Currently, ConsenSys employs about 70 people around the world, 30 of which are based at their headquarters in New York City, Keys said. He estimates that 80% of the staff work on a full-time basis and are compensated through a combined equity and payment structure.
“Everybody’s a stakeholder,” he told CoinDesk. “It just depends on when they started.” Other factors that play into compensation include experience, project, and revenue generation, Keys added later.
ConsenSys also isn’t sharing its specific revenue numbers. But Keys said it has no intention of being profitable anytime soon.
“We just want to keep hiring people. We’re at 70 now and if we find the right people we’ll hire immediately,” he said.
For an idea of the growth rate the company expects, it plans to more than double the workforce by the end of 2016, employing 150 people on a full-time basis, Keys said.
ConsenSys’ deal with Microsoft is a true collaboration, with neither party paying the other to be involved in any way, said Lubin.
Both companies have benefited elsewhere by working together. In November 2015, ConsenSys was the first company to join Microsoft’s Azure cloud-computing service designed to let other companies experiment in a sandbox environment with the distributed ledger technology.

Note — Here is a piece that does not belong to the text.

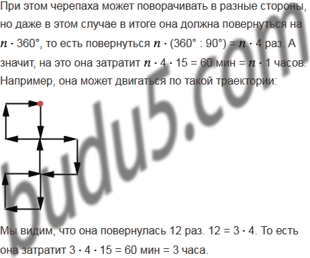 Черепаха ползёт по плоскости с постоянной скоростью, изменяя направление движения на 90° через каждые 15 мин. Докажите, что вернуться в точку "старта" она сможет только через целое количество часов после начала движения.
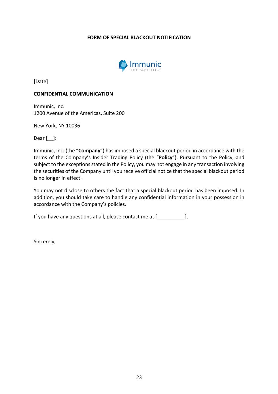23 FORM OF SPECIAL BLACKOUT NOTIFICATION [Date] CONFIDENTIAL COMMUNICATION Immunic, Inc. 1200 Avenue of the Americas, Suite 200 New York, NY 10036 Dear [__]: Immunic, Inc. (the “Company”) has imposed a special blackout period in accordance with the terms of the Company’s Insider Trading Policy (the “Policy”). Pursuant to the Policy, and subject to the exceptions stated in the Policy, you may not engage in any transaction involving the securities of the Company until you receive official notice that the special blackout period is no longer in effect. You may not disclose to others the fact that a special blackout period has been imposed. In addition, you should take care to handle any confidential information in your possession in accordance with the Company’s policies. If you have any questions at all, please contact me at [__________]. Sincerely,

As a result, Microsoft was able cut out its place in the blockchain industry as one of the largest early movers, and ConsenSys earned the credibility of partnering with a $427bn publicly traded company.
The relationship, Lubin thinks, will continue thanks in no small part to today’s news.
Lubin described Visual Studio to CoinDesk:
“It’s one of the best software developer tools on the planet, and this [collaboration] is like adding the vocabulary to build different kinds of programs to your development repertoire.”